The fall pulled iron ore futures further away from a record high reached earlier in the week, and should similarly drag down spot prices, which have climbed to multi-year highs near $100 a tonne.
The most-traded iron ore on the Dalian Commodity Exchange DCIOcv1 was down 4.9 percent at 681 yuan ($99) a tonne, after initially touching a two-week low of 674 yuan. The contract, which hit a record high of 741.50 yuan on Tuesday, was down 2.6 percent for the week.
"The size of today's move does reflect the speed with which iron ore has risen. But I suspect we will find a base over the next session or two before moving higher again," said Michael McCarthy, chief market strategist at CMC Markets.
For some investors, it's "a shorting opportunity looking for a more normal iron ore price," he said.
Iron ore for delivery to China's Qingdao port .IO62-CNO=MB fell 3.1 percent to $91.34 a tonne on Thursday, according to Metal Bulletin. The spot benchmark, which hit a 30-month peak of $94.86 on Tuesday, was still up 1.1 percent so far this week.
"The underlying supply-demand (condition) is supportive of higher prices in my view.

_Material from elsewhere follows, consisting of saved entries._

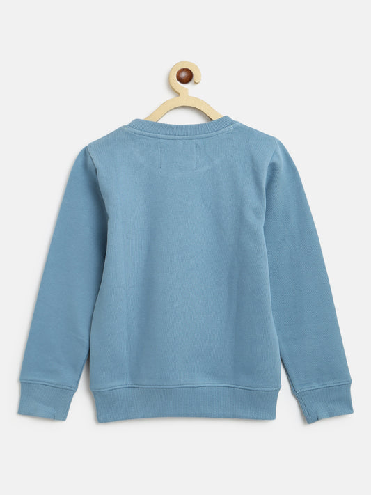 Boys Navy Blue Poly Cotton Printed Sweatshirt
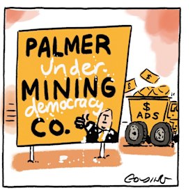 The Sydney Morning Herald and The Age reported on Monday that Mr Palmer’s UAP had spent $31 million on ads over the past six months – more than 100 times the amount spent by Labor or the Liberals in the same period.
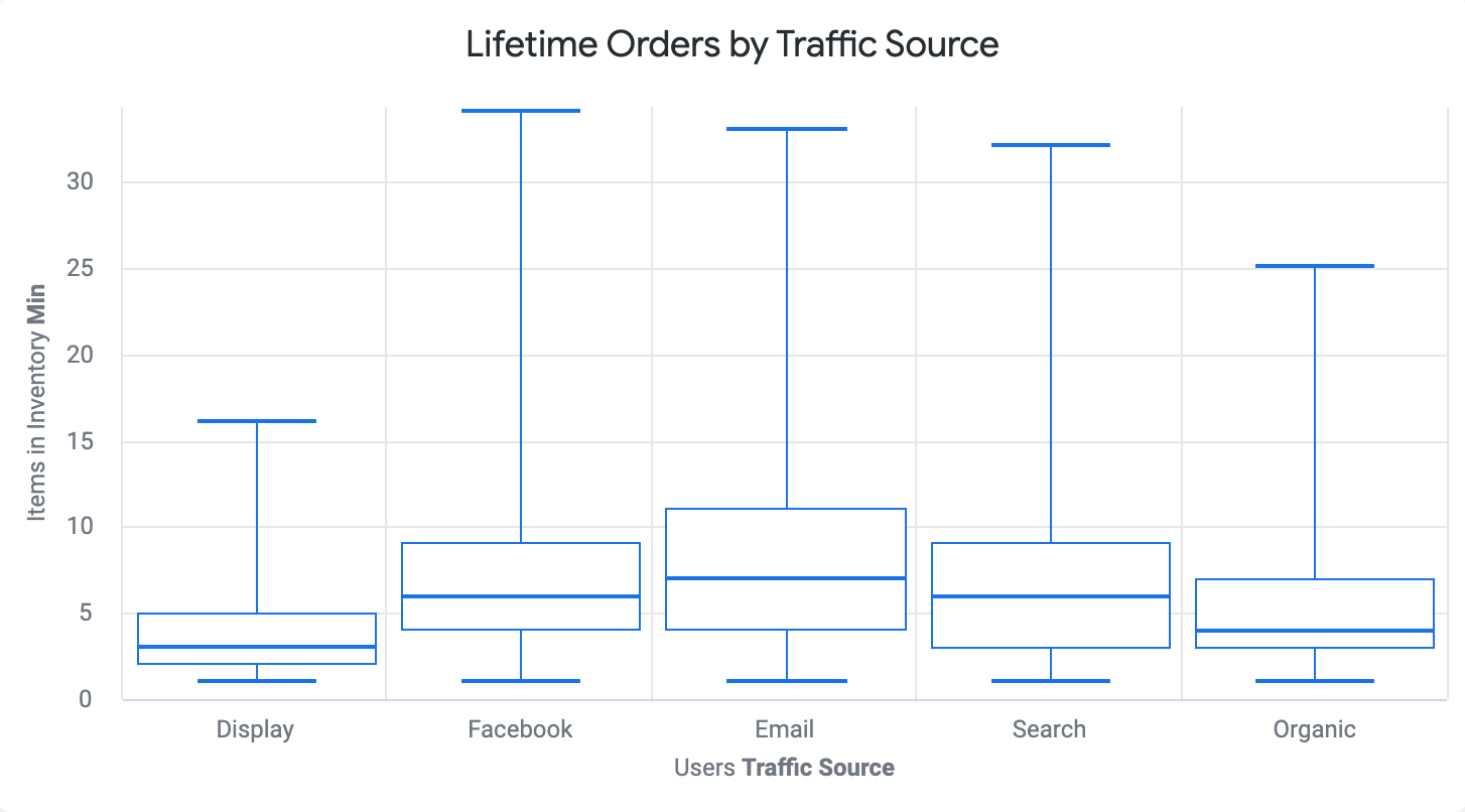 Elements of type: looker_boxplot are useful for visualizing the distribution and spread of values in your dataset. They can be especially useful for comparing values across categories. Boxplot elements require at least one dimension, along with either two, three, or five measures.

I wouldn't be surprised to see an iron ore price above $100 a tonne," said McCarthy.
Iron ore prices have tracked the rally in China's steel market that had been supported by hopes of a pickup in construction activity from next month as well as Beijing's efforts to boost infrastructure investment to spur the economy.
"While we continue to believe that steel and iron ore prices are factoring in overly optimistic demand projections, China is likely to keep infrastructure investment, particularly transport, supported to shore up growth before elections in November," Commonwealth Bank of Australia analyst Vivek Dhar said in a note.
The most-active rebar on the Shanghai Futures Exchange SRBcv1 dropped 2.9 percent to 3,411 yuan per tonne, after hitting a three-year high of 3,630 yuan on Tuesday.